В сущности, такие поиски вели в никуда. Наверняка в каждой мелкой, да и крупной клинике было точно так же. И каждая обещала сожрать тонну времени с неочевидными результатами.
«Препараты строгого учета, ну да, ну да».
Уходя, Дмитрий не забыл договориться о визите для стерилизации. Как бы ни относился теперь к нему этот ветеринар, кошек он явно любил, и это было главным.
III. Банный день
Прежде чем вернуться к делу профессора, Дмитрий успел отвезти притихшую Ксюшу домой. Все равно баня на улице Калинина так рано не открывалась, разве что для своих. На «свойскость» Дмитрий не претендовал, поэтому пришел к официальному открытию.
Толкнул скрипучую дверь, прошел в предбанник, из него в комнатку, где сидела и принимала деньги тетя Люда, крепкая грудастая женщина из тех, что и буяна успокоят, и в мужскую парилку зайдут, причем не ради неприличностей, а поругаться, что опять шайки не там бросили и веник в углу забыли.
– А Беньямин сегодня принимает? – поинтересовался Дмитрий, кладя в мисочку монеты.
– А как же. Только расписано у него все.
– А вы скажите, что старый ширванский друг пришел, Дмитрием кличут, – посоветовал Меркулов, кладя лишний рубль. – Может, и найдет полчасика? Поясницу ломит, сил нет. То ли потянул, то ли простыл, черт его разберет, а Беня лучше любого терапевта все поправит.
Беньямин, или Беня Сарыев, родился в Ширване в семье простого рабочего-токаря. Ходил в садик, как все, потом в школу, прошел путь от октябренка до пионера, а потом внезапно понял, что в мире есть вещи поинтереснее учебы. Например, алкоголь, красивые и раскрепощенные девушки, сигареты – причем не абы какие, а чтобы горло не драли, – такси по вызову и прочее, чего пэтэушнику и будущему подмастерью на заводе просто так никто не блюдечке не подаст. На все это требовались деньги, и немалые, но денег у Бени не было даже малых.
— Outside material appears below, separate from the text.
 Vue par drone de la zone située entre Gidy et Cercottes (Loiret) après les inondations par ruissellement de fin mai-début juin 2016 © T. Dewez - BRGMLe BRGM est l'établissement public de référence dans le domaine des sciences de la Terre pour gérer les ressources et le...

Решать эту проблему Беньямин начал с того, что еще школьником выпрашивал у иностранцев возле гостиниц жвачки и прочую мелочовку, которая «там» не стоила ничего, а вот здесь – очень даже.
Логичный следующий шаг, уже попозже – покупать у иностранцев что-нибудь поинтереснее жвачки, например джинсы. Выгода тут была обоюдная: Беня фарцевал, наваривая две или три цены, а иностранцы получали советскую валюту по очень выгодному для себя курсу.
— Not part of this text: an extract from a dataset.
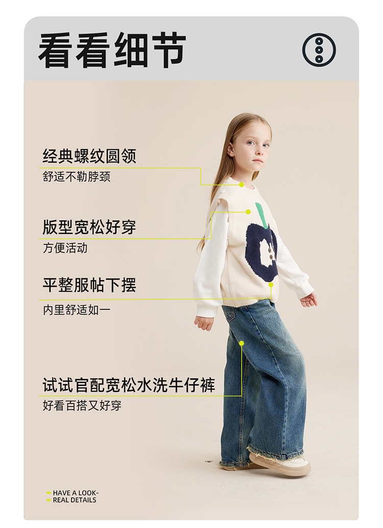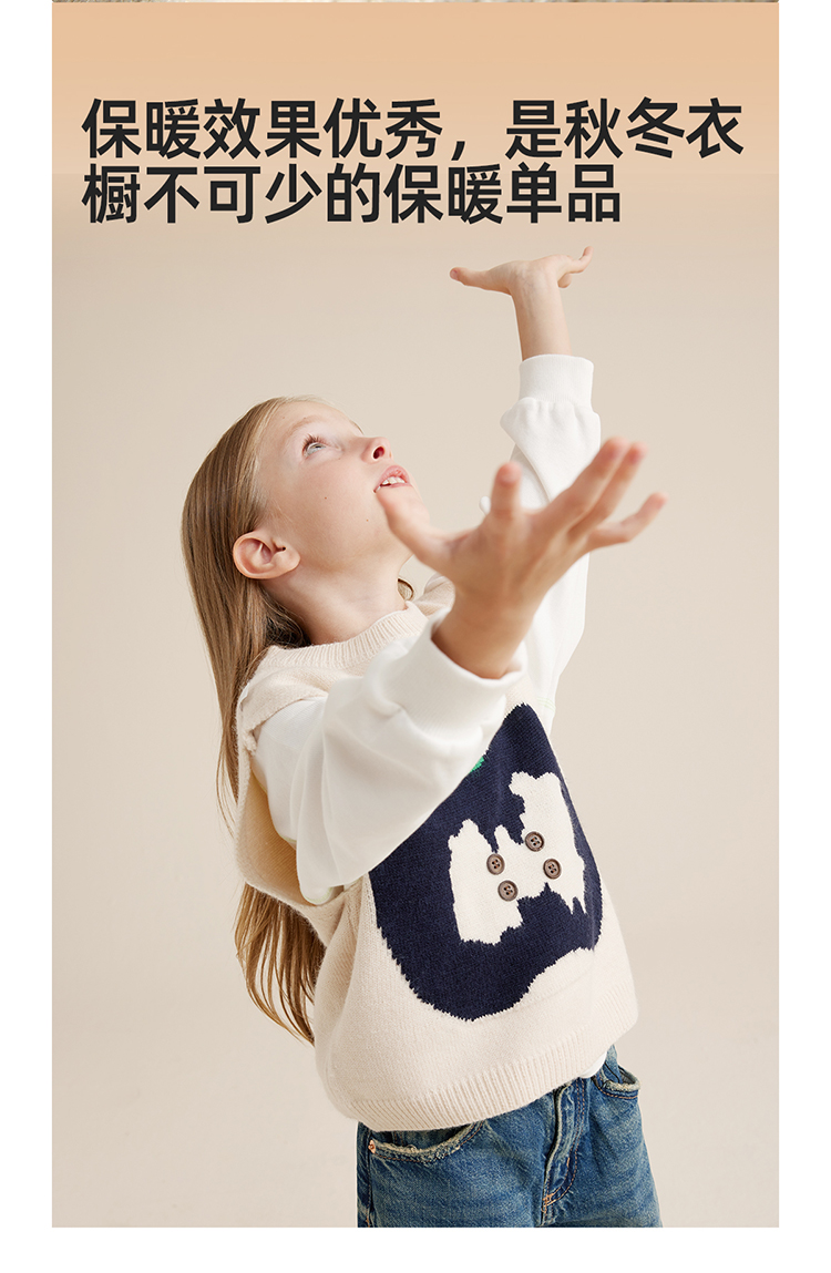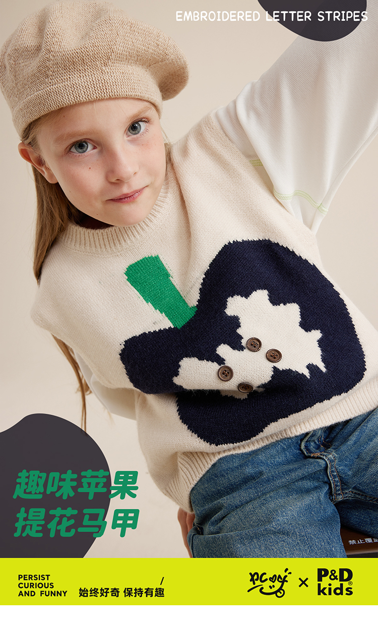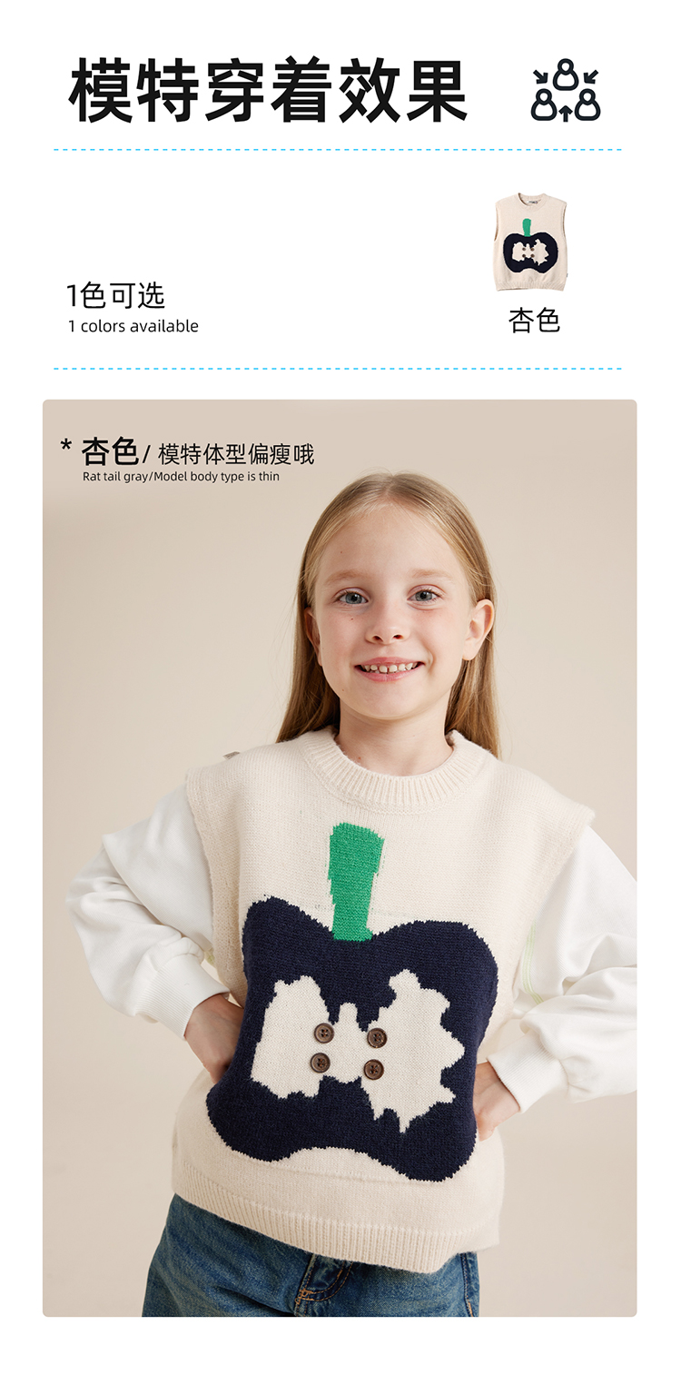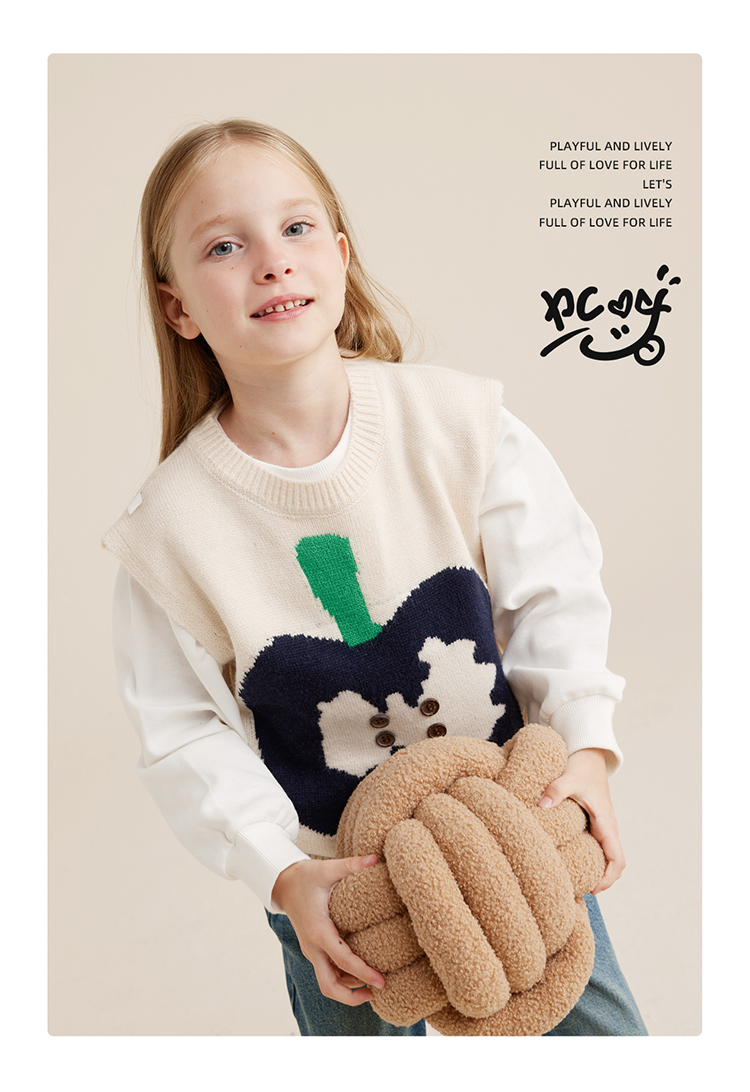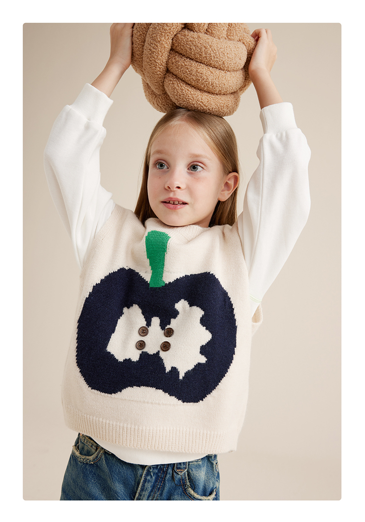 【软糯舒适安哥拉纤绒纱】儿童苹果提花背心毛衣PQMY2316

Там-то его и задержали в первый раз, причем фарцовщик почти смог выкрутиться, выдавая себя за иностранца. Подвело слабое знание языка. Тогда он вымолил себе прощение, клялся, что больше ни за что и никогда – пока не попался снова буквально через неделю. Поскольку фарцевал Беня в основном мелочовкой, суд дал ему полгода, да и то условно.
Возможно, судья понадеялся на исправление спекулянта, но Дмитрий подозревал, что тот просто решил не забивать такой ерундой и без того полные тюрьмы.
А вот потом… потом грянули семидесятые, и спекуляция изменилась, заматерела. Зачем торговать мелочовкой – да и, по правде, жвачки уже перестали так уж цениться, – когда можно договориться с директором магазина или втянуть в сделку завхоза, а самому заниматься сетью продаж на черном рынке? Вот и Беня подумал: почему бы и нет? И договорился. И схему выстроил хорошую, рабочую, выгодную. Наконец-то появились деньги на все то, о чем мечталось в школе, а потом в ПТУ. А вот не жадничать фарцовщик так и не научился. Сказка длилась всего полгода.
Не взяли его тогда чисто случайно: Беня как раз шел к директору, когда того вязали. Увидел милиционеров, понял, что происходит, и домой уже не вернулся, благо привык носить деньги с собой. Исчез, с концами.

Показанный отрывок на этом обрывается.